Data for processing:

------------------------------------------------------------

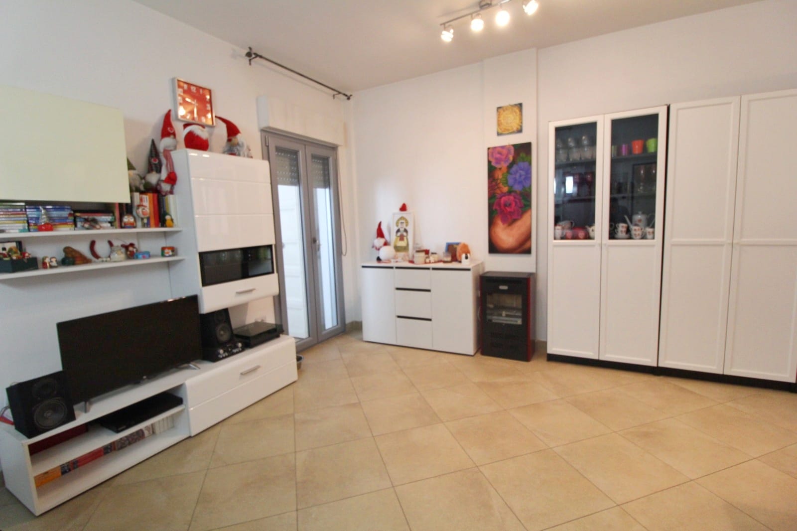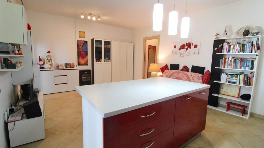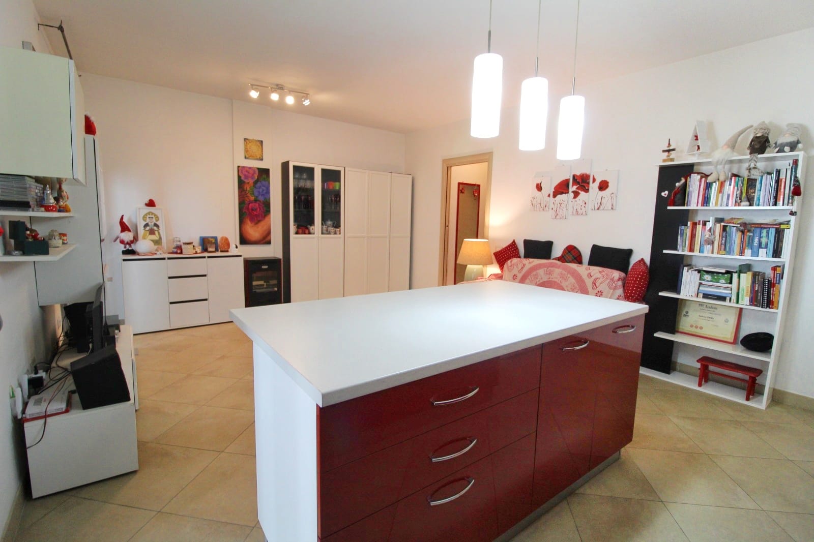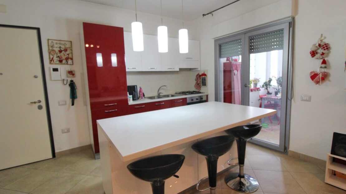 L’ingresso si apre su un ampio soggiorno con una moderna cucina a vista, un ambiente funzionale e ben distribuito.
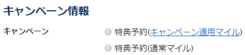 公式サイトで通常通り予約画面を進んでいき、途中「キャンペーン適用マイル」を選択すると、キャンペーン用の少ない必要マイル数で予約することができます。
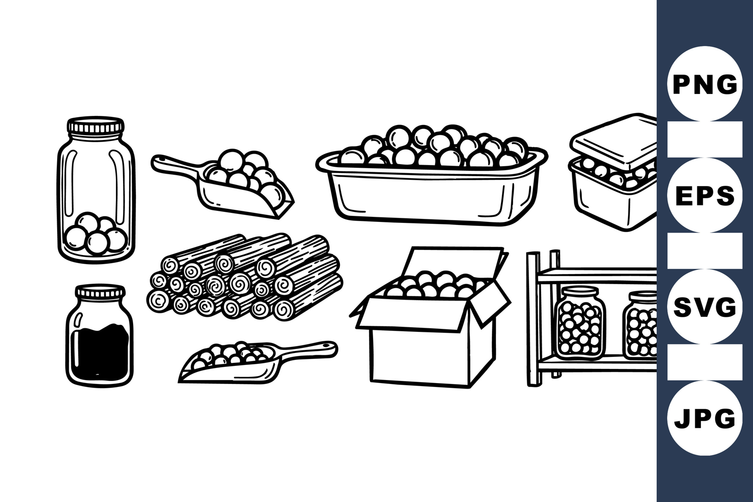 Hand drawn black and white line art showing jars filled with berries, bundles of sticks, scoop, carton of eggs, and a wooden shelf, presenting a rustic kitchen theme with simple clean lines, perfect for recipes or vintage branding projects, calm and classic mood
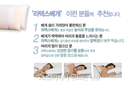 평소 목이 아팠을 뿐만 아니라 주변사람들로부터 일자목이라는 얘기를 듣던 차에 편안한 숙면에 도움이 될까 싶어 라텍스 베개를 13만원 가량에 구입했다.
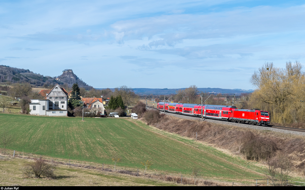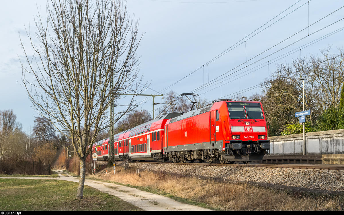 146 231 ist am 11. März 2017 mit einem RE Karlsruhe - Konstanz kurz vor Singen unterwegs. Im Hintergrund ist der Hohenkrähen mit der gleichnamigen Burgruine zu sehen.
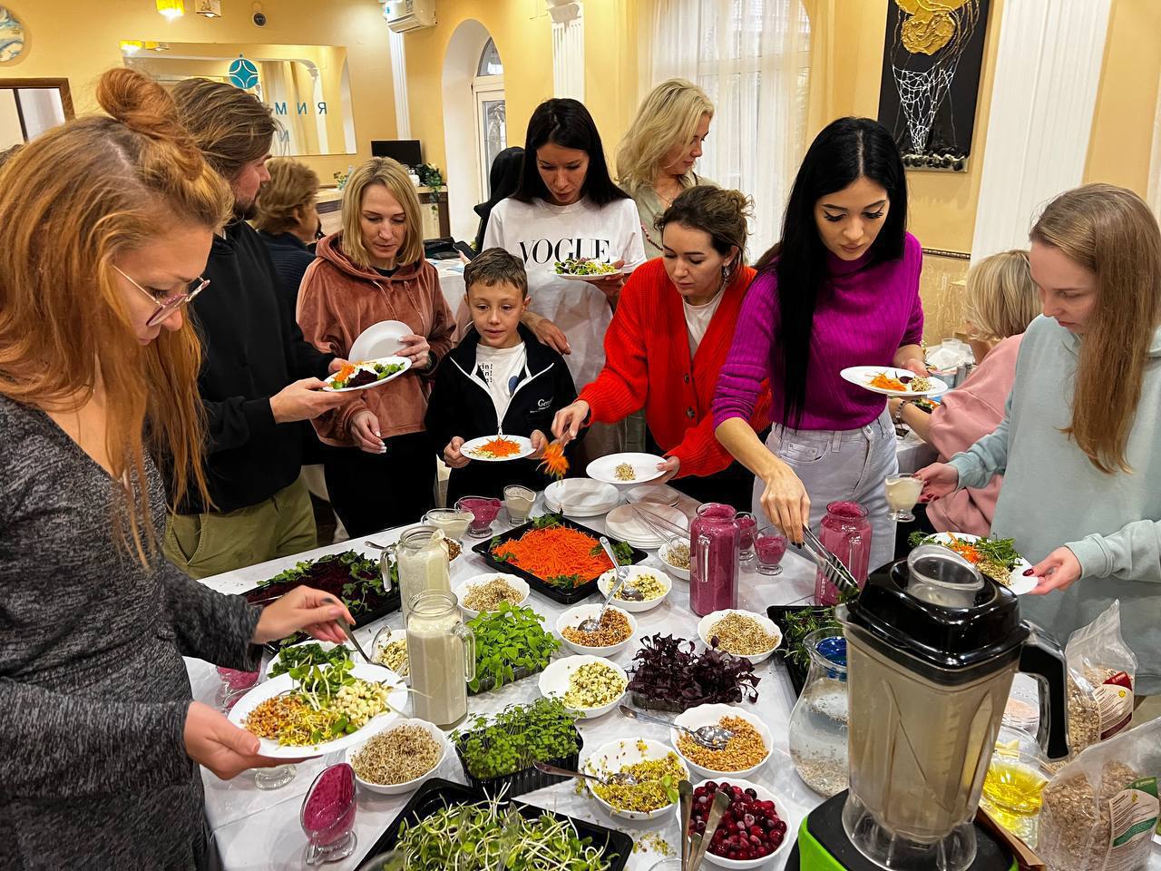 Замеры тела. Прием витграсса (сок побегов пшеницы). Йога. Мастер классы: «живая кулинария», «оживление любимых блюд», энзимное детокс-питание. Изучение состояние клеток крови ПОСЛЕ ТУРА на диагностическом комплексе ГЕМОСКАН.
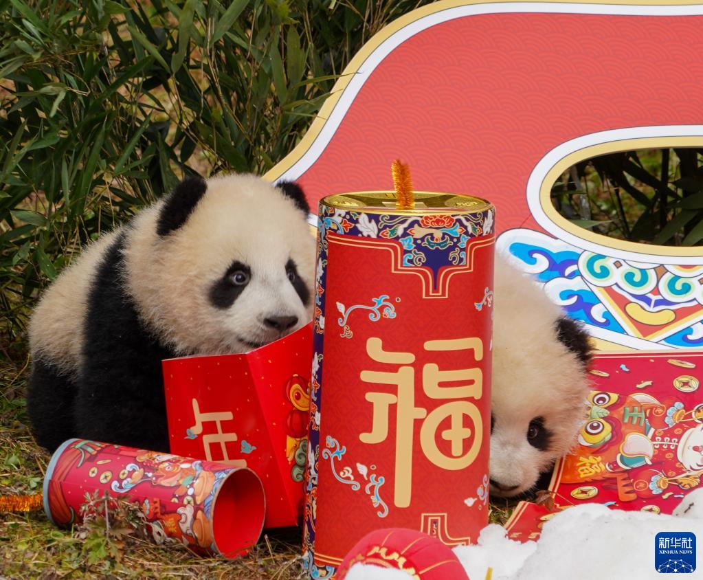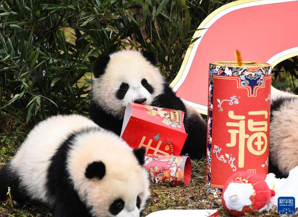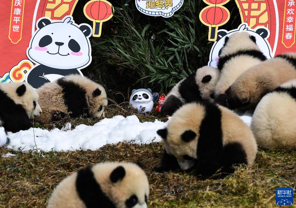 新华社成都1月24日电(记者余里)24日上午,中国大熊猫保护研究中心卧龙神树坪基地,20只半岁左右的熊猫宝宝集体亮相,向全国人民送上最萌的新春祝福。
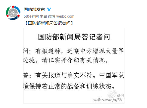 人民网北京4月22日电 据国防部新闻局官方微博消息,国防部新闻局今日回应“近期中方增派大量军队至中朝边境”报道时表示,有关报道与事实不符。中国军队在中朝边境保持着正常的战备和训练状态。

------------------------------------------------------------

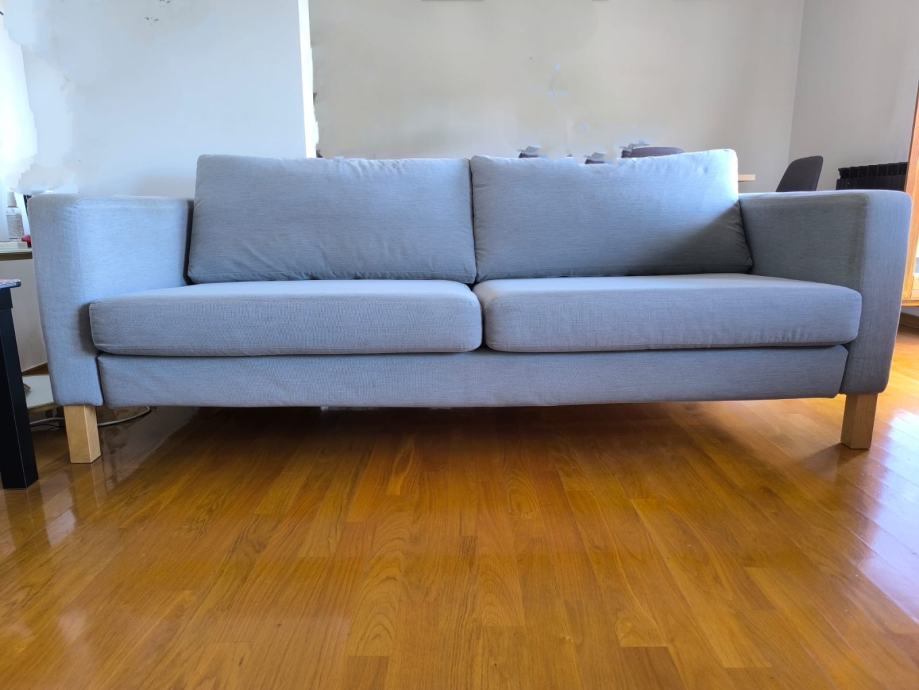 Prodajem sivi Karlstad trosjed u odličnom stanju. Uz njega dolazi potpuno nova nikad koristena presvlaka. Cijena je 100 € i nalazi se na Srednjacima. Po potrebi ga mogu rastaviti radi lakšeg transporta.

------------------------------------------------------------

Try it:
Please repeat the lines of the material above exactly, starting with the line that contains "L’ingresso si apre" and ending with the line that contains "Замеры тела. Прием". Leave the pictures out.

Output:
 L’ingresso si apre su un ampio soggiorno con una moderna cucina a vista, un ambiente funzionale e ben distribuito.
 公式サイトで通常通り予約画面を進んでいき、途中「キャンペーン適用マイル」を選択すると、キャンペーン用の少ない必要マイル数で予約することができます。
 Hand drawn black and white line art showing jars filled with berries, bundles of sticks, scoop, carton of eggs, and a wooden shelf, presenting a rustic kitchen theme with simple clean lines, perfect for recipes or vintage branding projects, calm and classic mood
 평소 목이 아팠을 뿐만 아니라 주변사람들로부터 일자목이라는 얘기를 듣던 차에 편안한 숙면에 도움이 될까 싶어 라텍스 베개를 13만원 가량에 구입했다.
 146 231 ist am 11. März 2017 mit einem RE Karlsruhe - Konstanz kurz vor Singen unterwegs. Im Hintergrund ist der Hohenkrähen mit der gleichnamigen Burgruine zu sehen.
 Замеры тела. Прием витграсса (сок побегов пшеницы). Йога. Мастер классы: «живая кулинария», «оживление любимых блюд», энзимное детокс-питание. Изучение состояние клеток крови ПОСЛЕ ТУРА на диагностическом комплексе ГЕМОСКАН.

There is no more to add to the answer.